Tras él, en la puerta abierta que daba al despacho de Rider, apareció un hombre de tales proporciones que tanto Sara como Fiske decidieron en el acto que tenía que ser Rufus Harms. Sin duda había oído las palabras de Fiske.
—¿Cómo sabe todo esto? —dijo Rufus mientras su hermano seguía apuntando directamente a la pareja.
—Se lo contaré con mucho gusto pero creo que deberíamos pasar al despacho. Con la orden de búsqueda que pesa sobre ustedes y todo lo demás…
Hizo una seña a Sara.
—Usted primero.
Sin que pudieran verle los hermanos Harms le guiñó el ojo para tranquilizarla. Pensaba que ojalá consiguiera para sí lo que intentaba transmitirle a ella. Se encontraban frente a un asesino convicto que había vivido Veinticinco años en el infierno, circunstancia que no había podido hacer más que empeorar su situación, y a un taimado veterano del Vietnam cuyo dedo estaba más cerca de apretar el gatillo a cada segundo que pasaba.
Sara entró en el despacho y Fiske la siguió.
Josh y Rufus se miraron. Luego se metieron dentro tras la pareja y cerraron la puerta.
El jeep avanzaba volando por las carreteras secundarias camino del despacho de Samuel Rider. Tremaine iba al volante; Rayfield, a su lado. Aquel todoterreno de dos plazas era el vehículo particular de Tremaine. Los dos estaban fuera de servicio y habían decidido no coger un vehículo militar del depósito. Habían inventado una historia por si topaban con alguien mientras registraban el despacho de Rider: dicho letrado, que había defendido a Rufus Harms ante el tribunal militar, trabajaba como abogado en la zona y últimamente había visitado a Harms en el penal por una razón desconocida; Rider y su esposa habían muerto.
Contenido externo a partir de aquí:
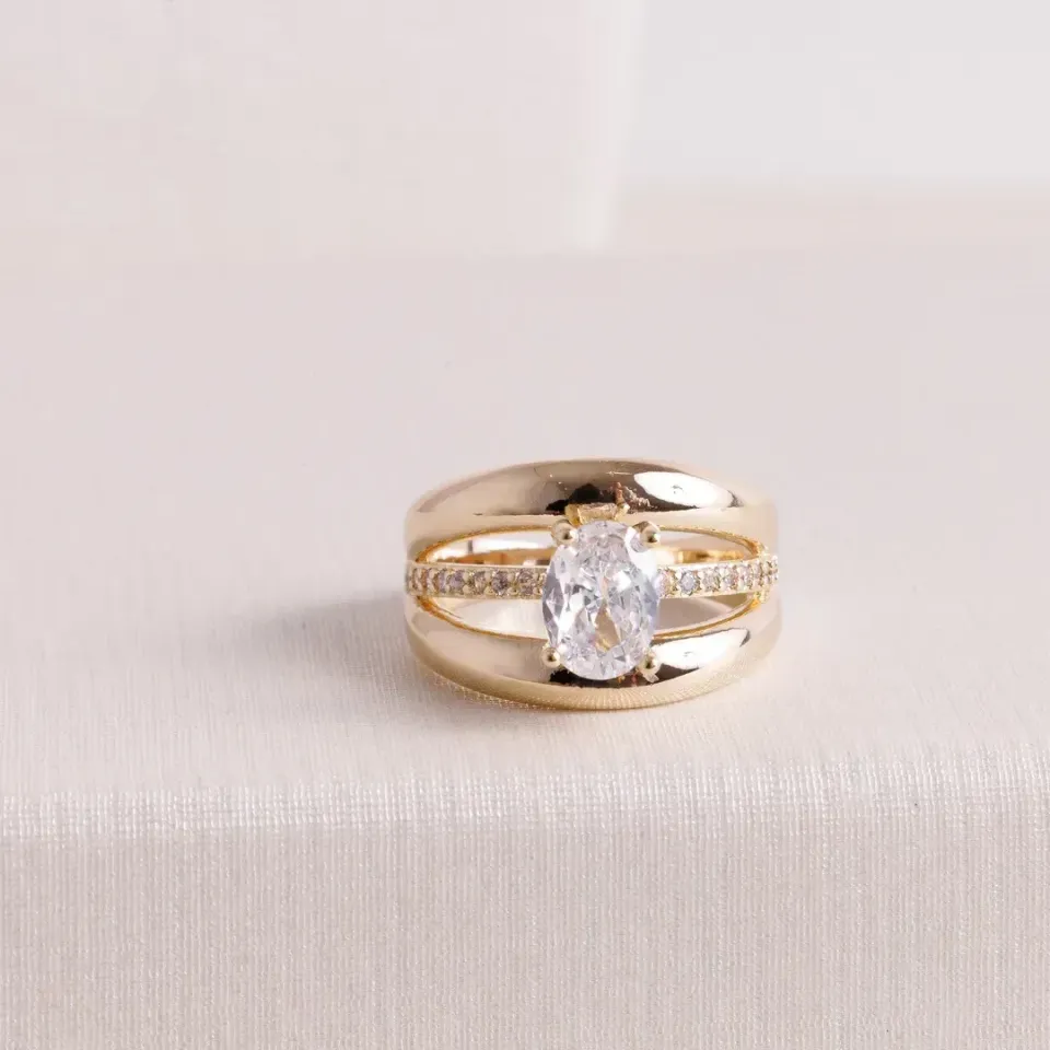ANEL TRÊS FAIXAS COM ZIRCONIA BANHADO A OURO 18KConfira opiniões e avaliações de clientes!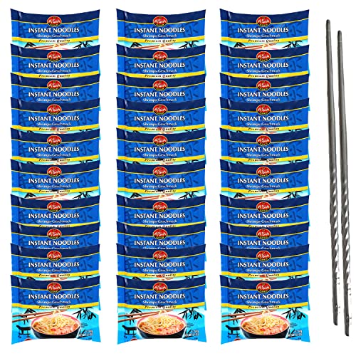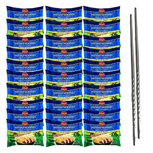 Uppsättning av 30 Asia Gold Instant nudlar ramen I smakskrift I 30 x 60 g I färdig maträtt I plus 2 uppsättningar ekologiska ätpinnar av bambu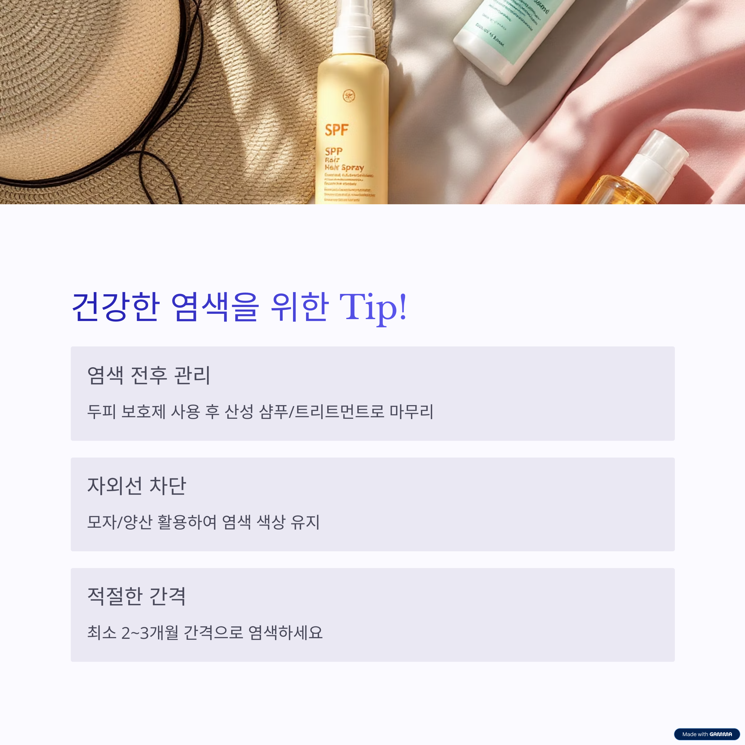 - 다양한 컬러와 긴 지속력, 빠른 시술을 원한다면 화학염색제가 유리하지만, 두피·모발 건강에 미치는 영향을 반드시 고려해야 합니다.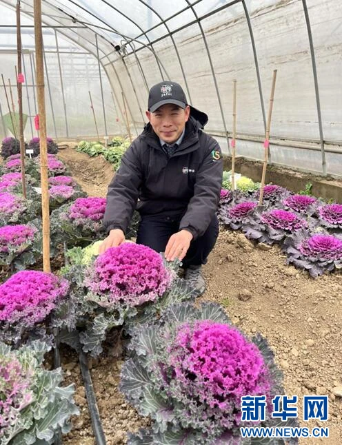 图为贺亚菲在查看新品种蔬菜长势。新华网发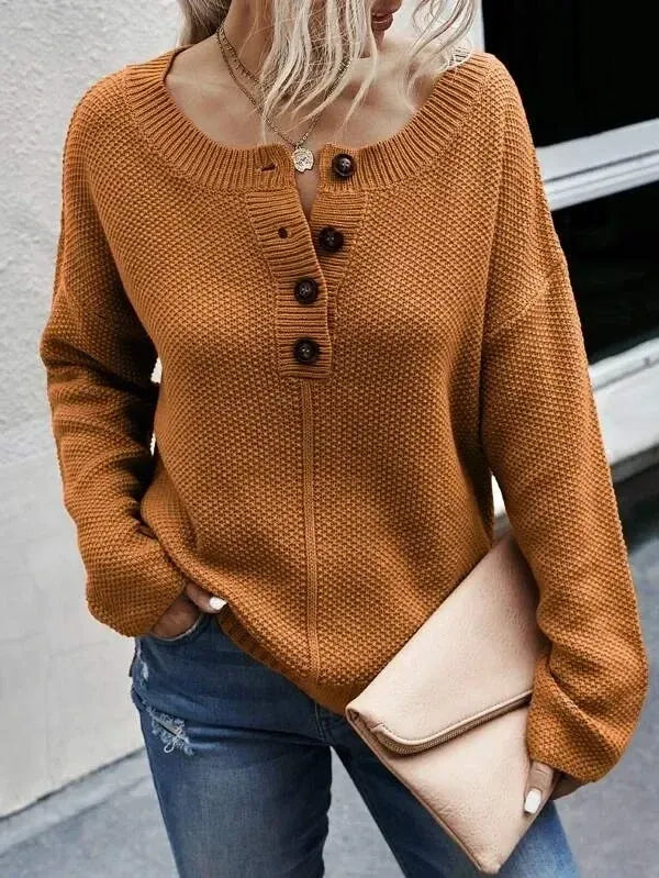 Half Button Drop Shoulder Sweater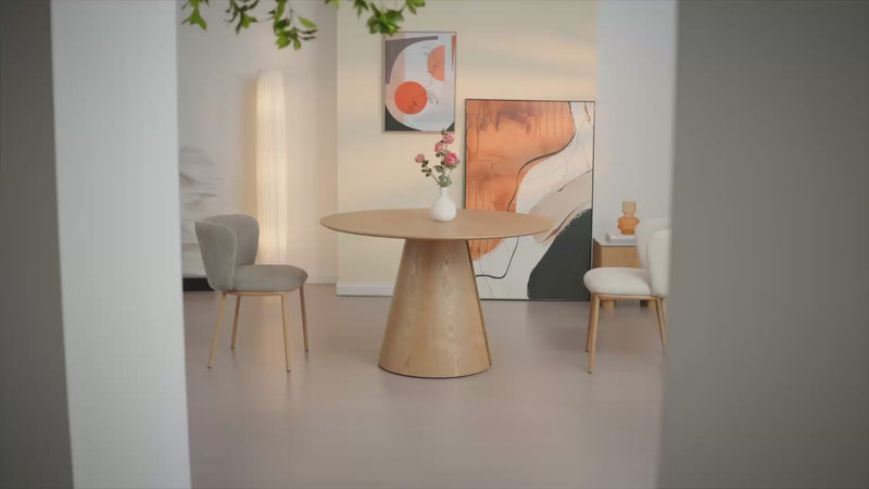 Con schienali ampi e dolcemente curvi e una lussuosa trama in tessuto di lino, le sedie Karin di OFCASA portano l'atmosfera di un hotel boutique direttamente a casa vostra.

Harms y su hermano podían ser los responsables de los asesinatos; tal vez Rider había mencionado a Harms que guardaba dinero en efectivo u otros objetos de valor en su casa o en su despacho.
Tremaine miró fijamente a Rayfield.
—¿Algún problema? —le preguntó.
Rayfield siguió con la vista al frente.
—Estamos cometiendo un error garrafal. El riesgo es inmenso.
—¿Crees que no lo sé?
—Si conseguimos la carta que mandó Harms junto con la de Rider tal vez podamos olvidarnos de Harms.
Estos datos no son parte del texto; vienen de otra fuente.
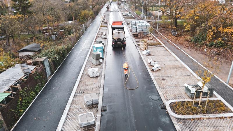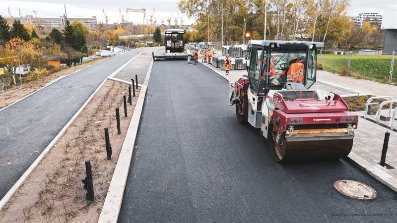Na przebudowywanej ulicy Bożeny w Szczecinie, prowadzącej do Fabryki Wody, jest już nowa nawierzchnia jezdni. Prace budowlane zmierzają ku końcowi.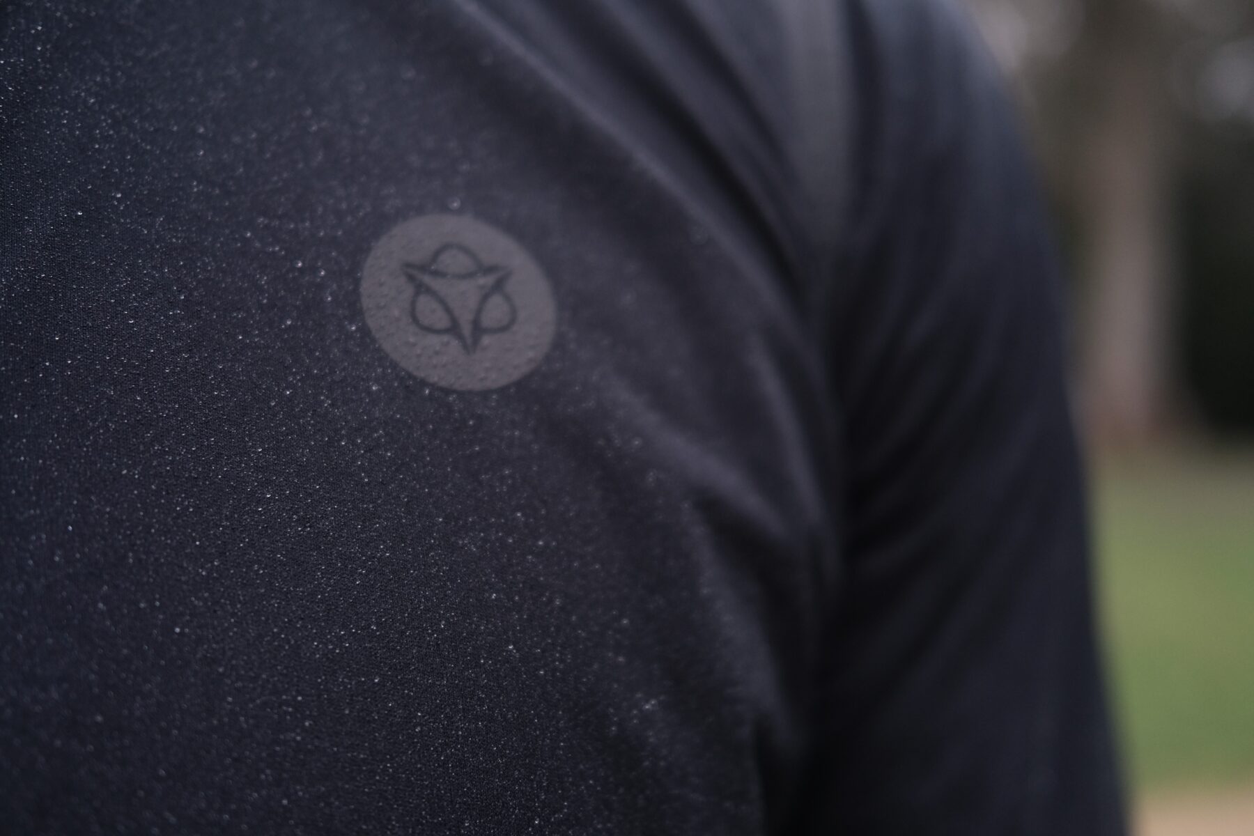 De grootste test voor het shirt is het ademend vermogen in combinatie met zijn waterdichtheid. Met een ademend vermogen van 30.000 g/m2/24u en een waterkolom van 8.000 mm belooft het veel goeds. Reden voor ons om de proef op de som te nemen. Tijdens de testrit was het 12°C, regende het licht en werd afwisselend met een hoge en lage intensiteit gefietst. Wat opvalt is dat de jersey, in tegenstelling tot een regenjack, het vocht inderdaad beter afvoert. Bij hoge intensiteit kun je merken dat het wat minder goed ademt dan een normale jersey, maar het broeierige gevoel van een regenjack zonder ademend vermogen, achterwegen blijft. Ook houd het de regen goed buiten, waardoor het lichaam op temperatuur blijft. De jersey heeft korte mouwen, wat vooral op de warmere dagen lekker is. Op koudere ochtenden kun je het shirt prima combineren met armstukken die je later op de dag weer af kunt doen.

Tremaine le miró con dureza.
—¿De qué coño hablas?
—Harms escribió la carta porque quería salir de la cárcel. Mató a la niña pero en realidad no la asesinó él, ¿estamos de acuerdo? Y ahora ha salido del penal. Él y su hermano pueden estar ya en México esperando un vuelo que les lleve a Sudamérica. Como mínimo eso sería lo que haría yo.
Tremaine negó con la cabeza.
—Eso no nos lo asegura nadie.
—¿Qué otra cosa puede hacer, Vic? ¿Escribir otra carta al Tribunal para decirles… qué? «¿Señoría, les escribí anteriormente contándoles una historia increíble que no soy capaz de demostrar, algo ha ocurrido con mi recurso, y mi abogado y el funcionario que lo vio han muerto, me he fugado de la cárcel y exijo un juicio justo?». ¡No me fastidies, Vic! Eso no lo hará. Huirá como alma que lleva el diablo. ¡Como alma que lleva al diablo!
Tremaine reflexionó sobre el tema.
—Quizás. Pero por si no es tan vivo como crees, yo debo prepararme para hacer todo lo posible para borrarle del mapa. A él y a su hermano. No me gusta nada el tal Rufus Harms. Nunca me ha gustado. Yo con el culo al aire en Vietnam y él a salvo en el país, con tres opíparas comidas al día. Teníamos que haber dejado que se pudriera en el calabozo pero no lo hicimos —añadió Tremaine, amargado.
—Ya es tarde para arrepentirse.
—Pero yo voy a hacerle un favor inmenso. En cuanto lo encuentre, me aseguraré de que su celda mida dos metros de largo, uno veinte de ancho y sea de pino. Y que no cuente con disponer de una maldita bandera. —Tremaine pisó a fondo el acelerador.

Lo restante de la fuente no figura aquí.